Samuel Heyman (Temple University, James E. Beasley School of Law) has posted Mallory v. Norfolk Southern Railway Company: The Unwarranted End of Consent to General Jurisdiction in Pennsylvania (Temple Law Review, Vol. 95, 2022) on SSRN. Here is the abstract:
Pennsylvania’s business registration statute is unique. It is the only statute that requires foreign corporations to consent to general personal jurisdiction upon registration of the business. The Pennsylvania statute is potentially in tension with the Supreme Court’s 2014 decision in Daimler AG v. Bauman, which indicated that a corporation is subject to general jurisdiction only in its principal place of business or state of incorporation.
In Mallory v. Norfolk Southern Railway Co., the Pennsylvania Supreme Court ruled that Pennsylvania’s registration statute was, in fact, unconstitutional under Daimler. The court therefore held that Pennsylvania courts could not exercise jurisdiction over a Virginia corporation that had registered to do business in Pennsylvania in a suit that arose from the corporation’s activities in Ohio. In April 2022, the U.S. Supreme Court granted certiorari in Mallory to consider whether the Due Process Clause prohibits a state from requiring a corporation to consent to general personal jurisdiction upon registration there.

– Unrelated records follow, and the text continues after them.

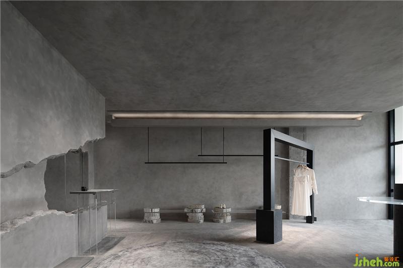 店鋪裝修設(shè)計設(shè)計師對空間的靈感來源是受到美國當代藝術(shù)家Daniel Arsham的未來考古風(fēng)影響,在設(shè)計上保留原建筑效果,打造出開裂的墻壁,它在空間中表達出考古空間的同時,將一道道墻壁視作為阻擋,斑駁的墻體被一種牽引力肆意地撕扯,當連接著天花板和地板之間的墻壁裂開,泥石崩塌,另一個不同世界將慢慢呈現(xiàn)出來,仿佛這是一個開裂的廢墟世界,也是空間與空間之間的交接間點。
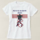 C'est une chemise merveilleuse pour la fière maman de Marine. Des images de rubans rouges et bleus coulent d'une étoile bleu foncé sur le devant de cette chemise. Le diffuseur d'étoiles est placé sur un arrière - plan rayé rouge. Au-dessus de l'image se trouve le texte personnalisé en bleu "Proud Marine Mom".
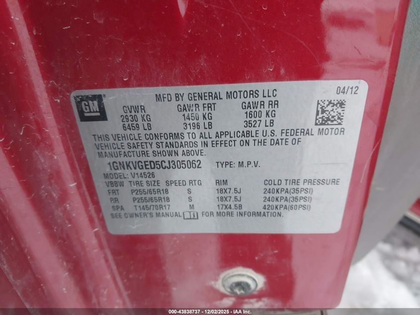 2012 CHEVROLET TRAVERSE 2012 року Бензин, 3.6, Полный привод, vin - 1GNKVGED5CJ305062 из США
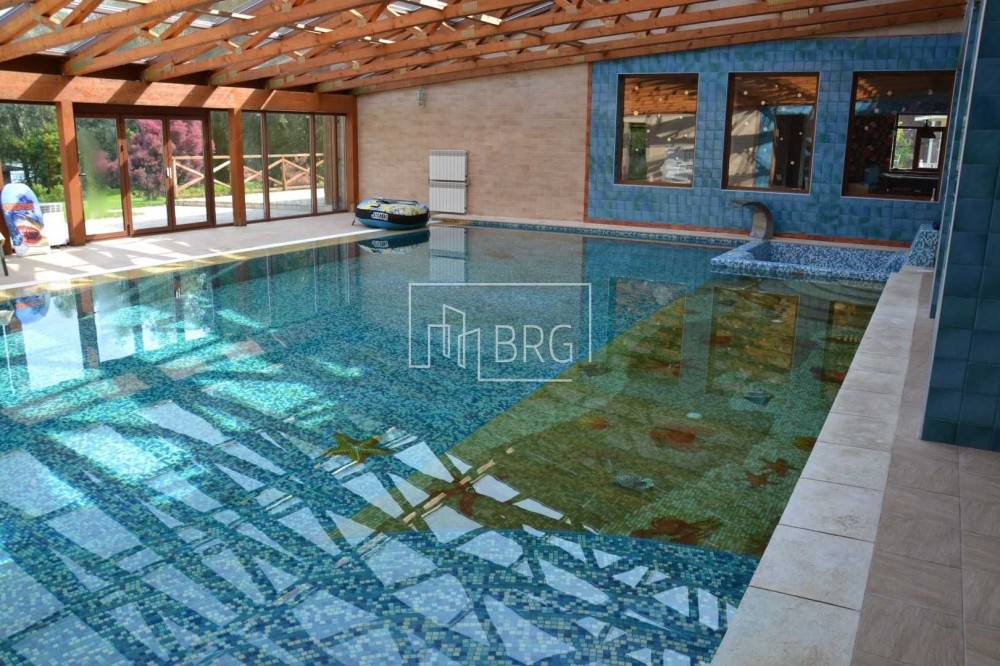 В совместном пользовании гостевой дом 800 м²: крытый бассейн 8х12 метров, каминный зал, бильярд, гостевые и детские комнаты, сауна, хамам, тренажерный зал.

This Note argues that the Pennsylvania Supreme Court, in applying Daimler to the Commonwealth’s business registration statute, focused on the wrong issue. Instead, the court should have looked for guidance from the Supreme Court’s jurisprudence on consent to personal jurisdiction, namely, the landmark decision in Carnival Cruise Lines, Inc. v. Shute, in which the Court held that a forum selection clause is valid, absent negotiation, as long as it is fundamentally fair. The Supreme Court should reverse the Pennsylvania Supreme Court’s ruling and make clear that Daimler did not foreclose states’ ability to establish general personal jurisdiction through consent. When registering to do business in Pennsylvania, the defendant in Mallory knowingly and voluntarily consented to general jurisdiction. Even if that consent was achieved by semi-coercive means, the Court’s precedent allows individuals to be coerced into consenting to personal jurisdiction. The rules for corporations should be no different.
A well executed and timely student note.